- Lichen Sclerosus
- Interviews
Sarah's interview
How did all start?
7 years ago with spot on my breast
Do you already have a diagnosis? How long did it take you to get it?
Yes - didn't take too long to get diagnosis but I didn't have genital symptoms at that time so the dr ignored my diagnosis until a major genital flare.
What has been the most useful thing for you so far?
Online forums - there seems to be little to no information available and my drs are clueless
What have been your biggest difficulties?
Difficulty getting help from drs - treatment options and long term plan. Doctors ranged from clueless but told me there was no hope, to feigned knowledge resulting in permanent fusing. In addition, this has had a serious blow to my marriage as my sex life has been permanently damaged due to clitoral fusing and tearing during intercourse.
How has your social and family environment reacted?
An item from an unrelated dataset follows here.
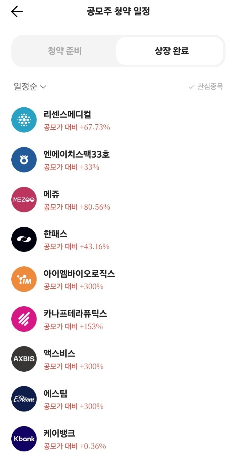 이 중 신한제17호스팩, 교보20호스팩을 제외한 모든 공모주에 청약을 넣었고 균등으로 진행했기에 배정받은 종목은 인벤테라, 엔에이치스팩33호, 메쥬, 카나프테라퓨틱스, 케이뱅크였습니다. 청약이 되길 바랐던 종목(한패스, 아이엠바이오로직스, 에스팀, 액스비스 등)은 그만큼 경쟁이 치열하여 배정을 받지 못하였습니다.

Have your social or family relationships changed?
Marriage is having challenges. This disease is not one you tend to talk about with others.
What things have you stopped doing?
Most sexual activity. Using soap. Wearing anything organ than cotton underwear.
What do you think about the future?
I fear a completely sexless marriage.
Finally, what advice would you give to a person in a similar situation?
Be really proactive. Join a group on FB and push your doctors for answers. Do not be dismissed.